Married for a year now and everything is great besides our sex life. I love having sex and im an attractive 24 year old woman and my husband is 30.
My husband is in the army so of course we dont really have a lot of time to have sex like other couples. Its a really stressfull job so i understand that he wants to rest after a long day.
We used to have sex 3 times a week which was fine with me ( eventhough i wanted more lol )

Since a few month now he seems not to be interested in it as much as he used to, we still sometimes have sex once a week but lately its more like every 2 weeks and every time i initiate it he turns me down saying he is to tired BUT he watches porn every time he gets the chance and gets off to it too (sorry for my language)

So how can he turn me down saying hes to tired but then watches porn til 1 am in the morning knowing he has to get up early??

I never had a problem with porn but once he puts me out the picture and prefers watching it more than have sex with me im not okay with it

any thoughts or opinions would be really much appreciated  !!!


----------



## MarriedWifeInLove

This subject has been approached A LOT here on TAM. 

Go to Sex In Marriage and read a few of the threads. Some of mine address this EXACT issue - I can't figure it out and have given up trying.

If you find something that works, let me and the rest of us in your situation know.

Just know this - you are definitely NOT ALONE here with this issue - it's more prelevant than you think.


----------



## CallaLily

I agree about reading some of the other threads about it. 

My only guess is, he is disconnected from you and connected with the porn. That is usually a recipe for disaster. The hard thing is, trying to figure out why he has more interest in that than you.


----------



## Blanca

_Sugah_ said:


> So how can he turn me down saying hes to tired but then watches porn til 1 am in the morning knowing he has to get up early??


Porn is easy. Its what he wants when he wants it. It makes the "real" thing seem much less desirable. Especially if he's stressed, its just a quick way to feel good. 

How long have you been together all together? Do you work? school? Not to be blunt, but do you take care of yourself?


----------



## _Sugah_

Alright thnx ill do that!! I didnt know so many deal with this issue.. but it kinda makes me feel better that im not the only one.
Man sometimes i wish we could go back in time were no computers existed:smthumbup: when there was no easy access to porn lol

I will check out the threads and if i find something that works i will definitly let u guys know.. cause i know how frustrated you must be at this point!


----------



## _Sugah_

Hey blanca

Well we have been married for a year now and dated for 2 years before we got married.

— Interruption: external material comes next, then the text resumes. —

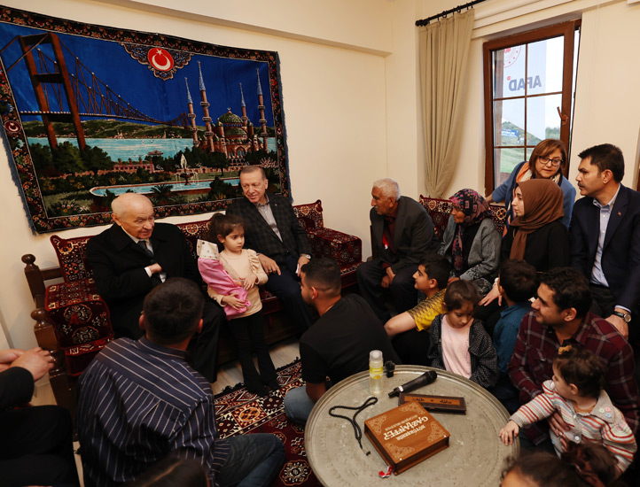 Başkan Recep Tayyip Erdoğan, Gaziantep Nurdağı'nda yapımı tamamlanan köy evlerinin teslim töreninin ardından köy evinde vatandaşlarla bir araya geldi. Daha sonra Başkan Erdoğan, Kahramanmaraş'ta BAYKAR'ın yaptığı konteyner kenti ziyaret etti.

Im at home now with my 1 year old son but soon ill start studying again.. and no you are not being blunt i understand why u asking me that  i take real good care of myself, i stay in shape and i always try to look good so i know it cant be anything physical.. he also tells me im beautiful and all the good stuff so thats why im a little confused!

I totally agree with what you are saying about porn being easy and i dont mind him watching it or pleasing himself at all but once it gets in the way of our sexlife it gets a problem!


----------



## Conrad

Have you ever watched porn with him?


----------



## MarriedWifeInLove

Conrad said:


> Have you ever watched porn with him?


Conrad - I love ya - but THIS DOES NOT SOLVE EVERYTHING!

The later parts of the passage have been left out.